LIS-P1: ACCTGTGAGTTTTCGTTCTTCTC (SEQ ID NO 71)
LIS-P2: CTATTTGTTCAGTTTTGAGAGGTT (SEQ ID NO 72)
LIS-P3: ATTTTCCGTATCAGCGATGATAC (SEQ ID NO 73)
LIS-P4: ACGAAGTAAAGGTTGTTTTTCT (SEQ ID NO 74)
LIS-P5: GAGAGGTTACTCTCTTTTATGTCAG (SEQ ID NO 75)
LIS-P6: CTTTTATGTCAGATAAAGTATGCAA (SEQ ID NO 202)
LIS-P7: CGTAAAAGGGTATGATTATTTG (SEQ ID NO 203)
or equivalents of these primers, while these equivalents, differing in sequence from the above-mentioned primers by replacing one or more nucleotides, still retain the ability to specifically amplify a spacer region of the Listeria species or a part of it.
MYC-P1: TCCCTTGTGGCCTGTGTG (SEQ ID NO 65)
MYC-P2: TCCTTCATCGGCTCTCGA (SEQ ID NO 66)
MYC-P3: GATGCCAAGGCATCCACC (SEQ ID NO 67)
MYC-P4: CCTCCCACGTCCTTCATCG (SEQ ID NO 68)
MYC-P5: CCTGGGTTTGACATGCACAG (SEQ ID NO 192)
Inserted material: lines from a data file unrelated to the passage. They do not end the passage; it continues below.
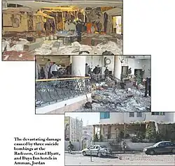 Los atentados del 9 de noviembre de 2005 en Amán fueron una serie de acciones terroristas coordinadas contra tres hoteles en la capital jordana el 9 de noviembre de 2005. Las explosiones, en el Grand Hyatt Hotel, el Radisson SAS Hotel y el Days Inn, comenzaron alrededor de las 20:50, hora local (18:50 UTC) en el Grand Hyatt.[1][2]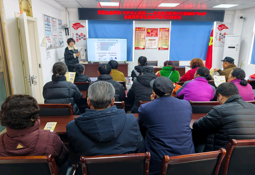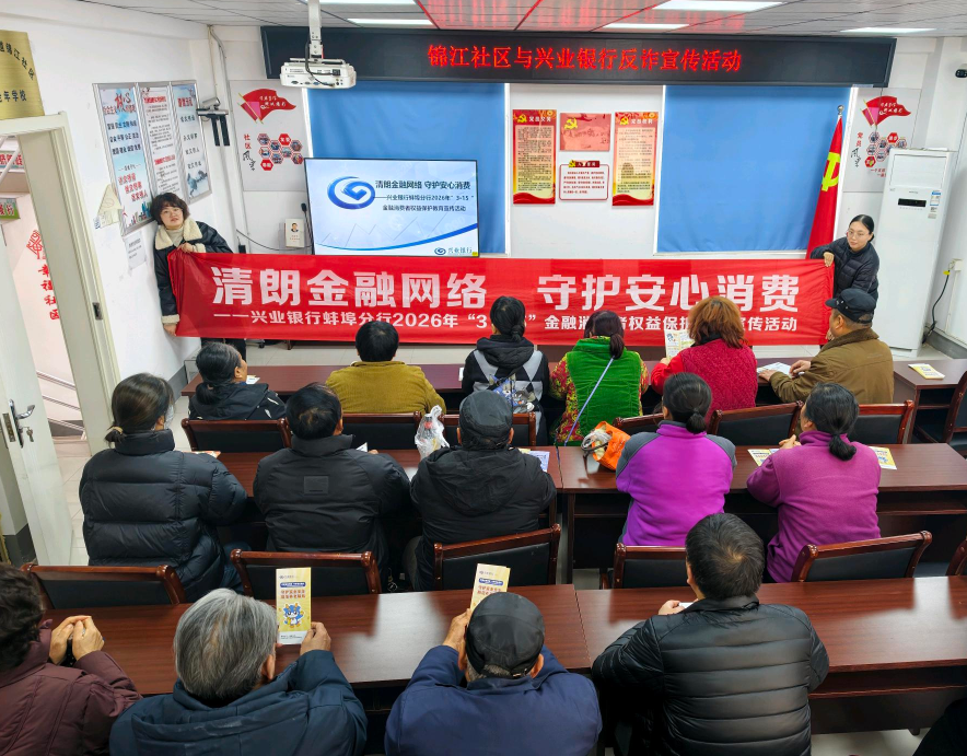 3月12日,兴业银行蚌埠分行围绕“清朗金融网络 守护安心消费”主题,走进张公山锦江社区,开展2026年“3 15”金融消费者权益保护教育宣传活动,守护金融消费者合法权益。
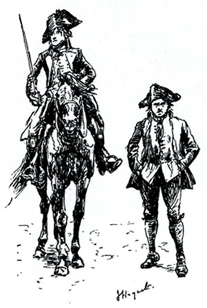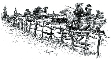 De vrijwillige ruiterij van de Bataafsche republiek had niets geen pleizier. Burger van Putten vooral was danig uit zijn humeur. Hij had een paar snaphanen bespeurd onder het wapentuig van de boeren, en die dingen stonden hem erg tegen. ’De burgemeester heeft goed praten,’ mompelde hij, ’maar hij kent de kracht van de kogels zoo niet als wij militairen.’ Doch wat gebeurt er?
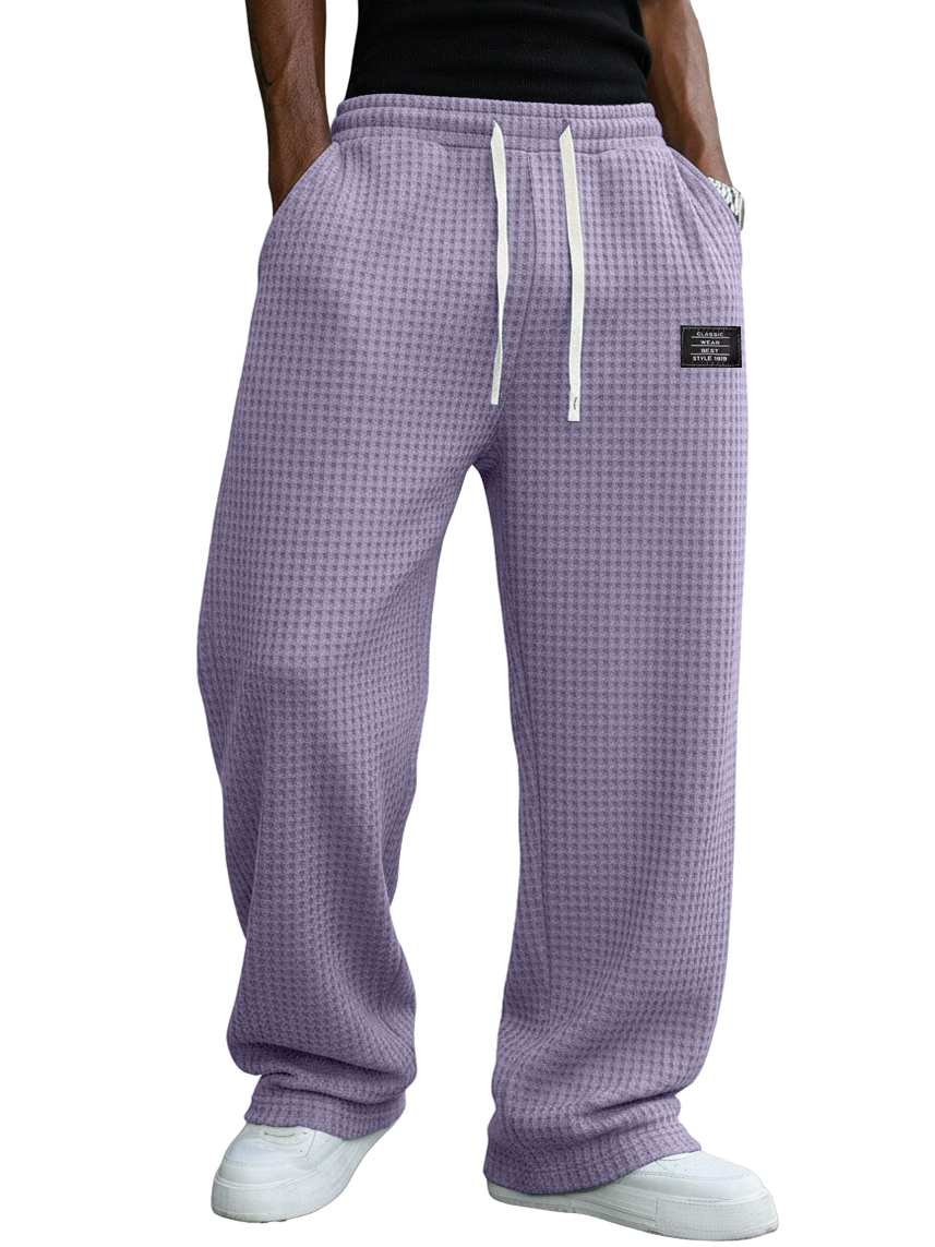 Men's Casual Retro Waffle Fabric Logo Trousers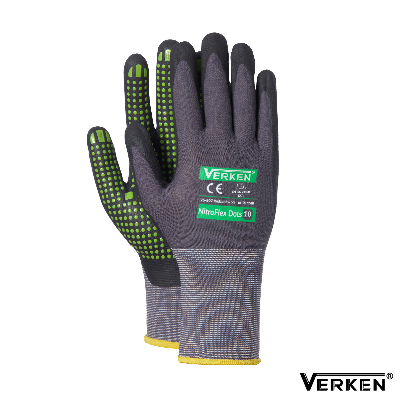 Rękawice wykonane z mieszanki spandexu i lycry (ścieg 15g), powlekane pianką nitrylową dodatkowo nakropione PVC
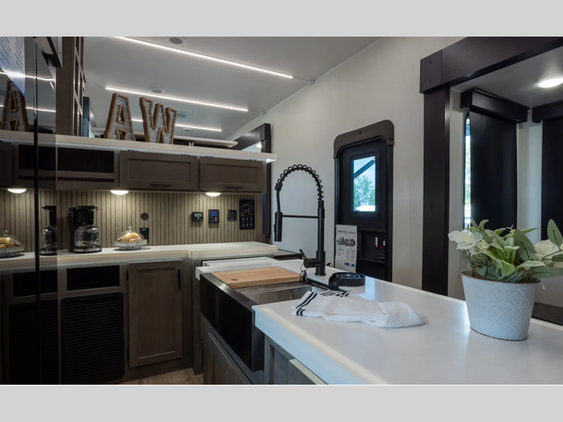 Each model features a king bed slide out, which is what set these Suite models apart from the Arctic Wolf models. Along with the added bedroom space, you'll also enjoy a second A/C unit, more storage space in the bedroom, and a "SuperStor" dual cavern basement storage compartment so nothing gets left behind. You'll feel right at home with the kitchen appliance and hardware package, plus carpetless floor design, and floor level motion sensing lights in the bedroom, bathroom, and interior steps.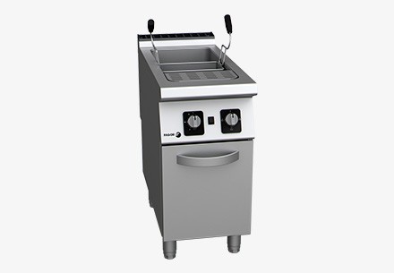 FAGOR elektromos üzemű tésztafőző. Alkalmazható továbbá zöldség, rizs vagy tojás főzésére is. Fedlap vastagság 2 mm. Rozsdamentes acél fűtőszálak. Vezérlőgombok vízbeszivárgás ellen védettek. IPX5 szintű vízvédelem. Űrtartalom 40 liter, GN1/1 méret. Két sebességű vízfeltöltés. Beépített csepegtető felület. Alacsony vízszint érzékelő biztonsági rendszer. Alaptartozéka 3 db 1/3 méretű tésztafőző kosár. További lehetséges kosár kombinációk: 1/1 1/2 - 1/3 – 1/4 - 1/6.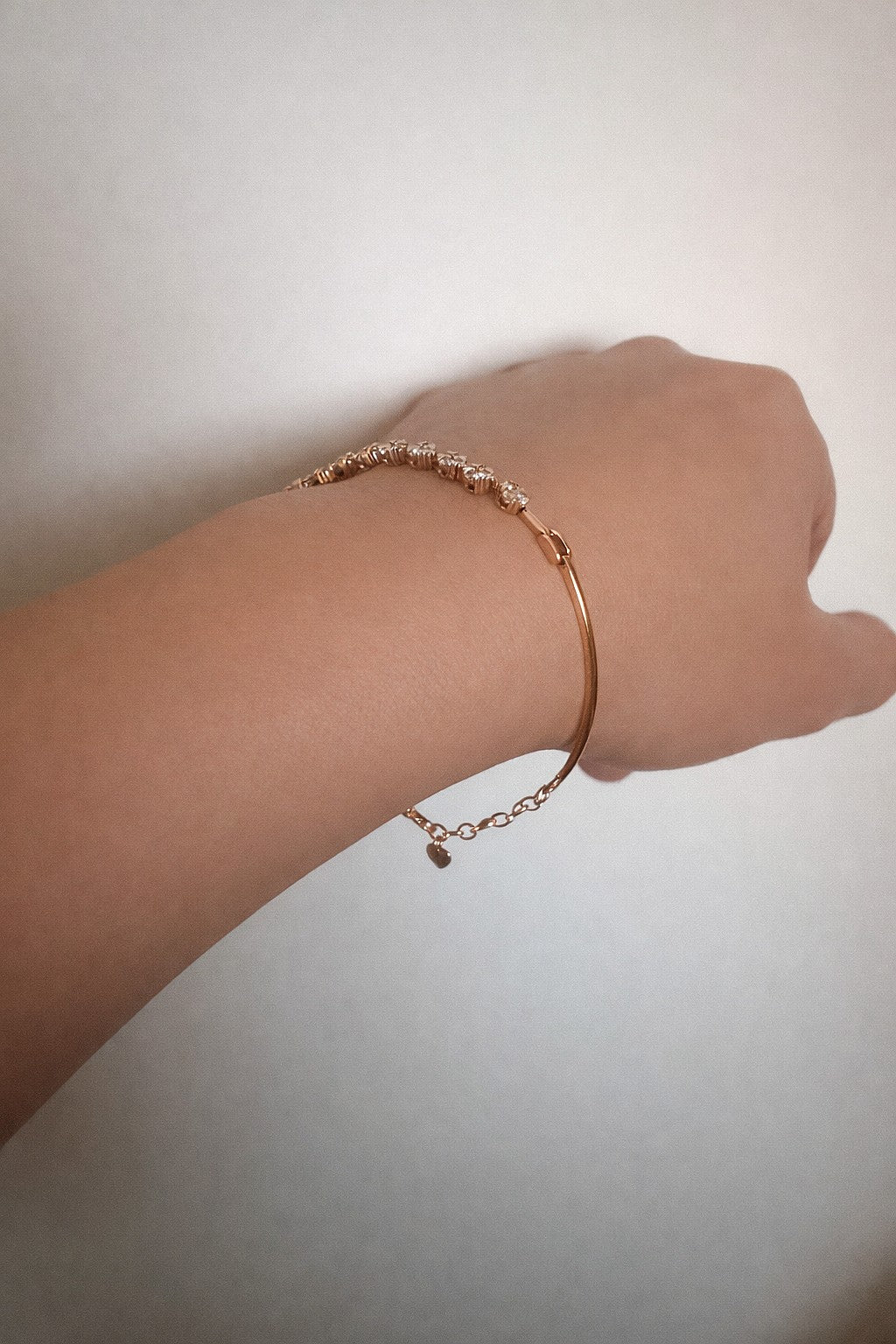 A sleek semi-rigid bracelet with a polished rose gold framework, finished with a central row of floral / clover-style diamond cluster links. The bracelet includes an extender chain for an adjustable fit and is finished with a lobster clasp and heart charm detail.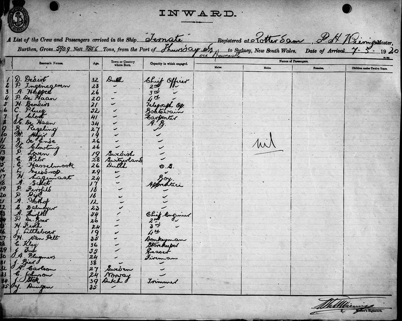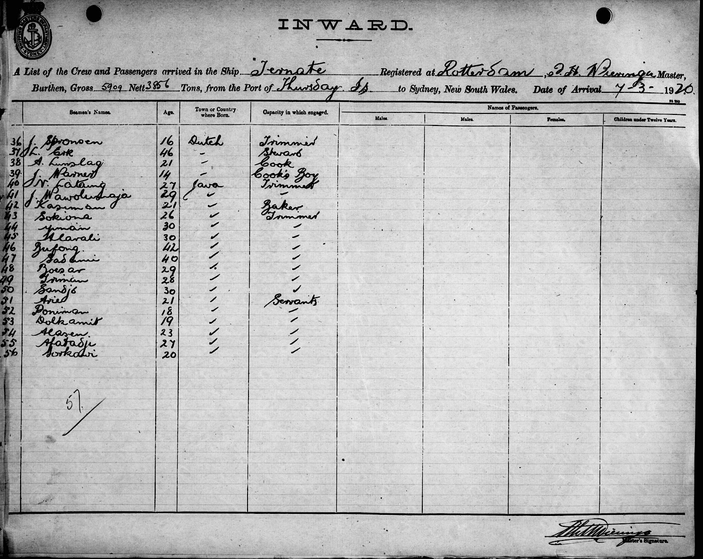 TERNATEOF ROTTERDAM, P. H. WIERINGA, MASTER, BURTHEN 5909/3856 TONS FROM THE PORT OF THURSDAY IS. VIA NEWCASTLE TO SYDNEY, NEW SOUTH WALES, 7TH MARCH 1920 |

или эквивалентов данных праймеров, при этом указанные эквиваленты, отличающиеся по последовательности от упомянутых выше праймеров заменой одного или более нуклеотидов, по-прежнему сохраняют способность специфически амплифицировать спейсерную область вида Mycobacterium или ее часть.45. The method according to claim 1 for the specific determination and identification in a sample of the species Mycobacterium, in which stage (ii) involves amplifying the 16S-23S rRNA spacer region or part thereof using at least one of the following primers:
MYC-P1: TCCCTTGTGGCCTGTGTG (SEQ ID NO 65)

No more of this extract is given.